## About this exercise
Write the listing out again word for word, excluding any pictures.
*** Opening of Given material ***
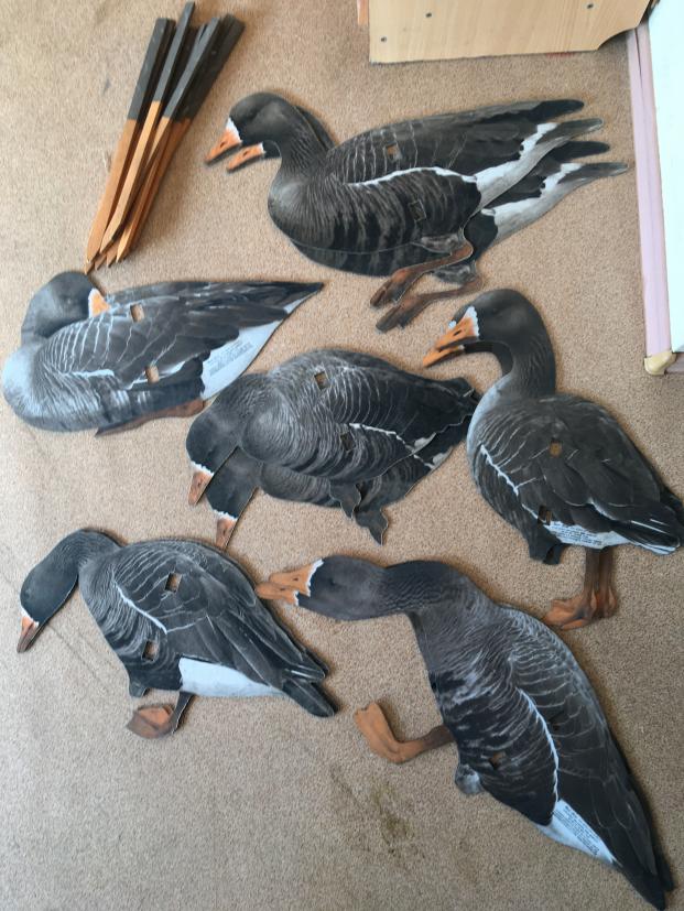 Принципиально новый, очень реалистичный, запатентованный комплект голографических 3D профилей белолобого гуся со светопоглощающим эффектом. В этой Pro Series устранена возможность отражения света, соответственно нет бликов. Текстурированная поверхность с обеих сторон, поглощающая солнечный свет дает возможность использовать данные приманки в солнечные дни или морозное утро (когда на профилях возможно образование инея) не боясь отпугнуть птицу. Самый реалистичный из всех аналогов рисунок, нанесен с обеих сторон на специальную текстурированную материю, наклеенную на морозостойкий пластик. Стойки - из водостойкой фанеры с пропиткой и естественной окраски. Профиля изготовлены в натуральную величину. Комплект создан исходя из оптимального сочетания поз: 6 кормящихся (3 позы по 2 шт.), 2 отдыхающих, 1 спящий и 2 сторожевых гуся. Профили гибкие, прочные и при этом комплект в упаковке весит всего 3,6 кг. Цена за комплект из 11 шт. 3850 рублей.
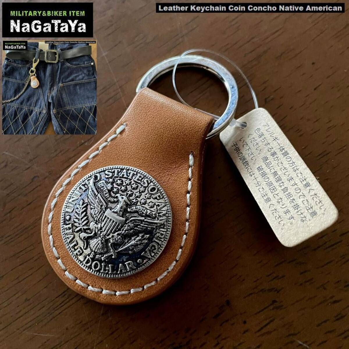 - 本革 ネイティブアメリカン レザー アメリカン コイン コンチョ キーホルダー キャメル インディアン系 メンズ レディース
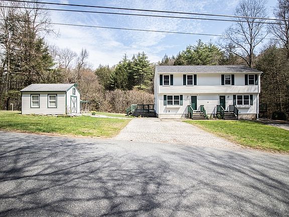 Located in the town of Bernardston and a short drive away from Crumpin Fox Golf Club, is this duplex style home at 43 Martindale Road. This is a rare opportunity to own a duplex in this beautiful rural town. Duplex’s are a great way to become a homeowner, because you can live in one side and rent out the other for passive income. This home offers a nice location with woods across the street and a neighbor on just one side. There is even a shed that doubles as a playhouse. This home has a total of 2100 square feet of living space on 1.72 acres. Each unit consists of a living room, a dine-in kitchen with access to a private deck, and a half-bath on the first floor. This unit has hardwood floors in the kitchen and the half-bath. The second floor of each unit consists of two bedrooms and a bathroom. There is one oil-fired boiler with a heating zone for each unit, which heats the respective first floors and second floor bathrooms. The bedrooms have electric baseboard heat.
*** Close of Given material ***
## Response
 Принципиально новый, очень реалистичный, запатентованный комплект голографических 3D профилей белолобого гуся со светопоглощающим эффектом. В этой Pro Series устранена возможность отражения света, соответственно нет бликов. Текстурированная поверхность с обеих сторон, поглощающая солнечный свет дает возможность использовать данные приманки в солнечные дни или морозное утро (когда на профилях возможно образование инея) не боясь отпугнуть птицу. Самый реалистичный из всех аналогов рисунок, нанесен с обеих сторон на специальную текстурированную материю, наклеенную на морозостойкий пластик. Стойки - из водостойкой фанеры с пропиткой и естественной окраски. Профиля изготовлены в натуральную величину. Комплект создан исходя из оптимального сочетания поз: 6 кормящихся (3 позы по 2 шт.), 2 отдыхающих, 1 спящий и 2 сторожевых гуся. Профили гибкие, прочные и при этом комплект в упаковке весит всего 3,6 кг. Цена за комплект из 11 шт. 3850 рублей.
 - 本革 ネイティブアメリカン レザー アメリカン コイン コンチョ キーホルダー キャメル インディアン系 メンズ レディース
 Located in the town of Bernardston and a short drive away from Crumpin Fox Golf Club, is this duplex style home at 43 Martindale Road. This is a rare opportunity to own a duplex in this beautiful rural town. Duplex’s are a great way to become a homeowner, because you can live in one side and rent out the other for passive income. This home offers a nice location with woods across the street and a neighbor on just one side. There is even a shed that doubles as a playhouse. This home has a total of 2100 square feet of living space on 1.72 acres. Each unit consists of a living room, a dine-in kitchen with access to a private deck, and a half-bath on the first floor. This unit has hardwood floors in the kitchen and the half-bath. The second floor of each unit consists of two bedrooms and a bathroom. There is one oil-fired boiler with a heating zone for each unit, which heats the respective first floors and second floor bathrooms. The bedrooms have electric baseboard heat.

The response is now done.